The “beautiful and crawlable” hybrid. Reflow (mobile) is the one deferred piece — a
separate phone mock will drive it.
Fidelity gate score (overlay vs mock). The judge is an LLM with ±1–2 noise; treat as a band.
| Site | Business | Aesthetic | Score | |
|---|---|---|---|---|
| saas_botanical | B2B SaaS | botanical | 9.8 | ship |
| redwood_diner | pizzeria | retro diner | 9 | ship |
| redwood_storybook | pizzeria | storybook | 9 | ship |
| redwood_tarot | pizzeria | engraved tarot | 9 | ship |
| redwood_vaporwave | pizzeria | neon vaporwave | 9 | ship |
| saas_deco | B2B SaaS | Art-Deco | 9 | ship |
| saas_memphis | B2B SaaS | Memphis | 9 | ship |
| redwood_pop | pizzeria | pop-art | 5 | limit |
Each links its overview hub (all pipeline stages), the pixel-faithful overlay, and the semantic SEO build.
One source of truth. lib.py holds paths, the Gemini key + call, the twin
schema, the role taxonomy, geometry/colour and the photo mask — no duplication, no cross-run imports.
One-command pipeline. run.py <site> runs localize → erase → overlay →
semantic → hub. run.py <fixture>:<world> goes from nothing → finished site
(build + render via mock-engine, then the pipeline).
Tests pin the fixes. test_lib.py (unit) + test_integration.py
(erase→overlay→semantic on a synthetic fixture) run offline via run_tests.sh.
Cost is logged.
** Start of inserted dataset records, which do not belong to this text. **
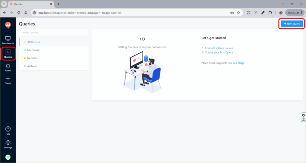 左側のQueriesをクリック→右上のNew Queryをクリック。
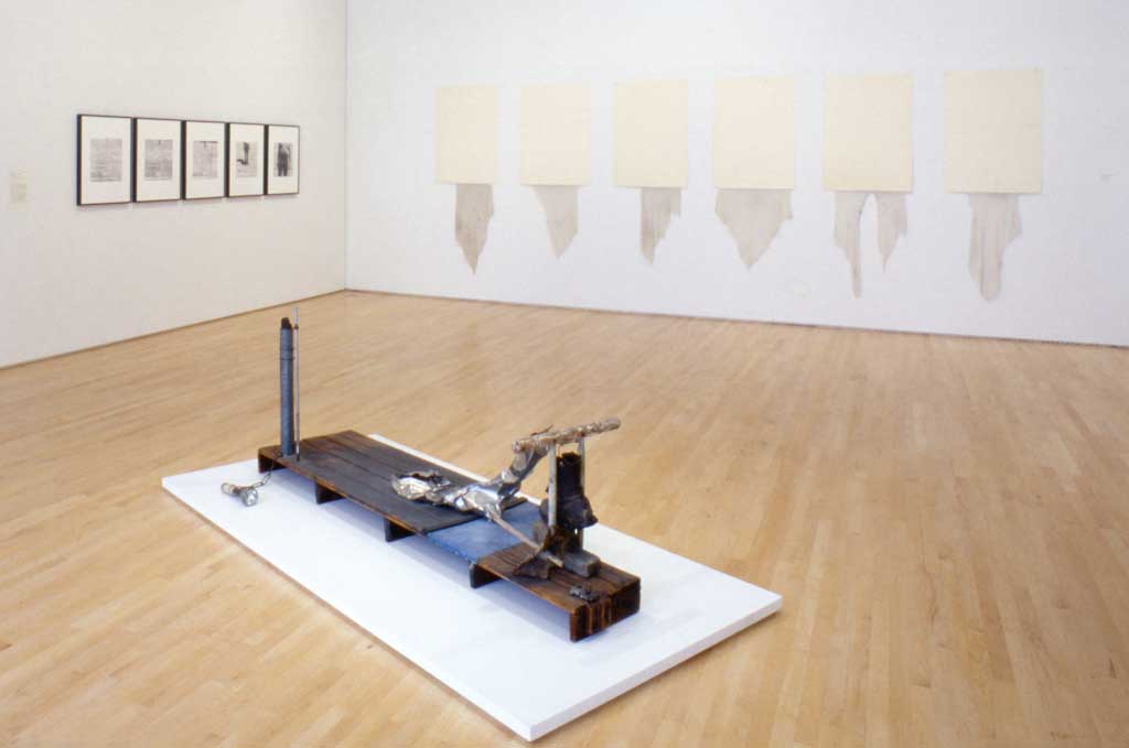Installation view of Robert Rauschenberg’s Pyramid Series (1974) in the SFMOMA collection presentation Matisse and Beyond, 2004. Rauschenberg’s Trophy IV (for John Cage) (1961) appears in the foreground. Cy + Roman Steps (I–V) (1952) is on the wall at left.
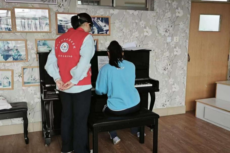 本次活动紧密围绕盲童成长需求,设计“学业辅导”与“艺术启迪”两大模块,致力于提供有温度、见实效的陪伴支持。在学业辅导方面,志愿者采取“一对一”结对方式,针对初、高中盲童在数学、物理等学科上面临的困难,注重运用具体化、逻辑清晰的语言进行讲解,结合生活实例阐释抽象概念,借助触觉教具辅助理解,通过耐心细致的引导,帮助孩子们逐步克服学习障碍,建立学习自信。在艺术启迪方面,志愿者依托盲校现有乐器资源,发挥自身特长,引导孩子们认识乐器结构、聆听音色特点、学习基本演奏方法,并共同练习简单曲目,让音乐成为超越视觉的沟通桥梁,帮助孩子们在旋律中提升了感知力、协调性与自信心。
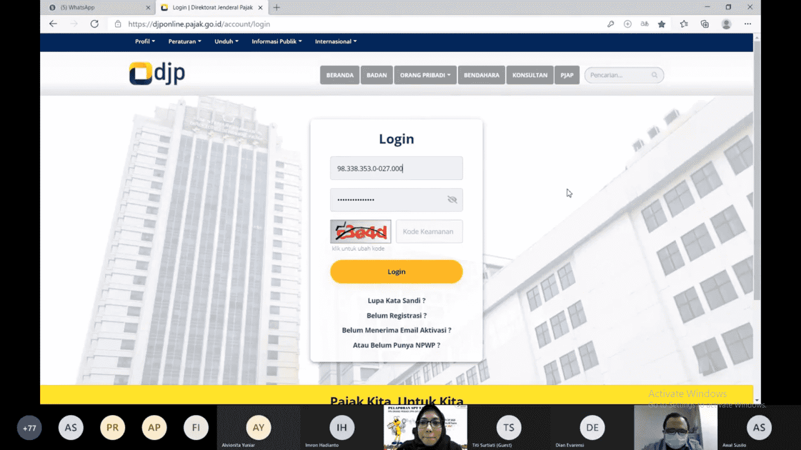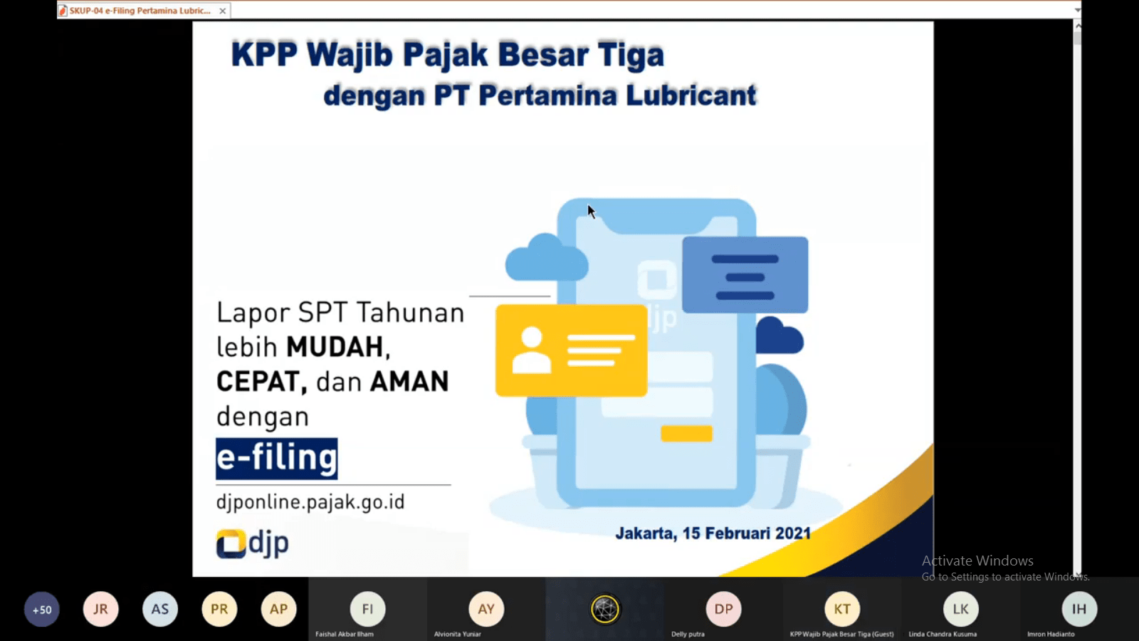 Acara dibuka oleh Bambang Setiawan selaku Plh. Kepala Seksi Pengawasan dan Konsultasi I (Waskon I) mewakili Kepala Kantor. dalam sambutannya Bambang mengucapkan terima kasih karena masih diberikan kesempatan untuk mendampingi pengisian SPT Tahunan di PT Pertamina Lubricants yang biasanya dilakukan secara langsung, dan sekarang secara daring, namun ini tidak mengurangi rasa keinginan kami untuk melayani kepentingan wajib pajak. Semoga seluruh karyawan di PT Pertamina Lubricants dapat memenuhi kewajiban perpajakan dengan baik.
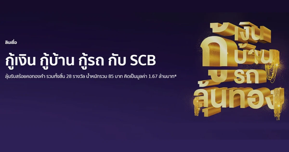 กู้เงิน กู้บ้าน กู้รถ กับ SCB ลุ้นรับสร้อยคอทองคำ วันนี้ - 30 มิถุนายน 2562
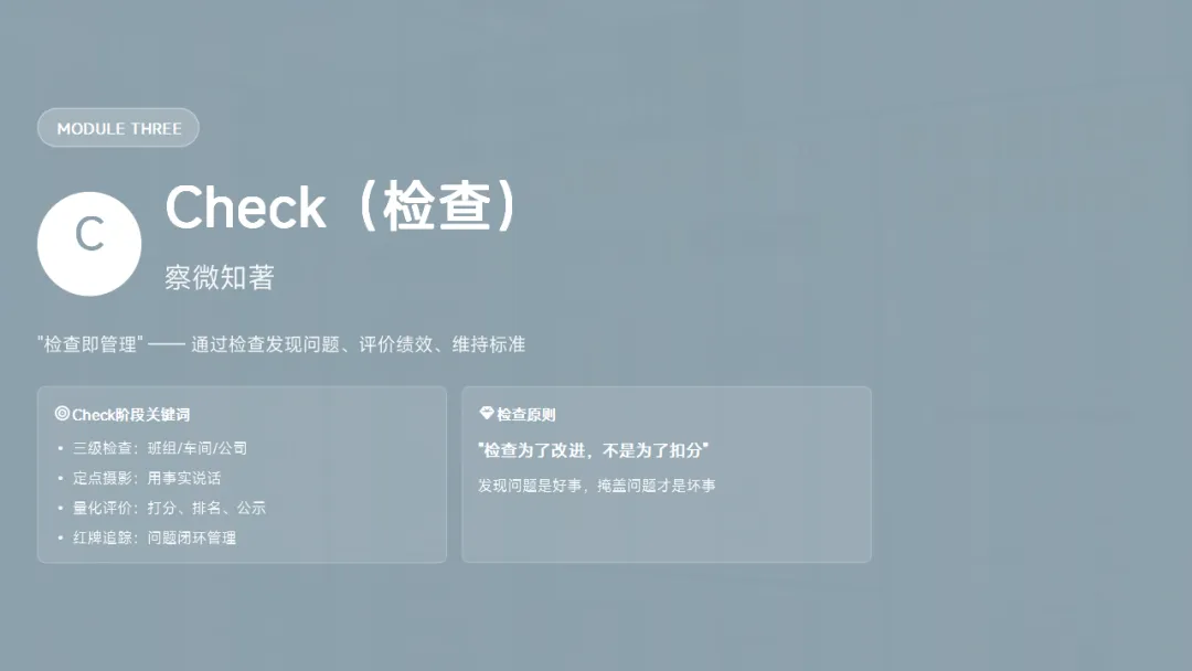 Check阶段不是简单的"挑毛病",而是通过检查发现问题、评价绩效、维持标准。包含:
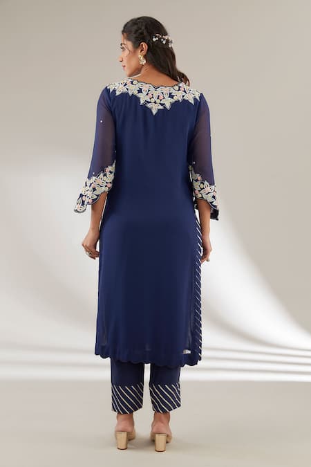 Blue kurta featuring intricate floral embroidery and bell sleeves. Paired with a matching pant and dupatta, both in dupion silk and rayon.

Every Gemini call's token usage is written to spend.log.
Reviewed. A high-recall code review found 10 issues; all fixed and pinned by tests.
Known limit. Pop-art (heavy outlined display type on busy halftone backgrounds) leaves residual smudges — the one non-shipping aesthetic, documented rather than hidden.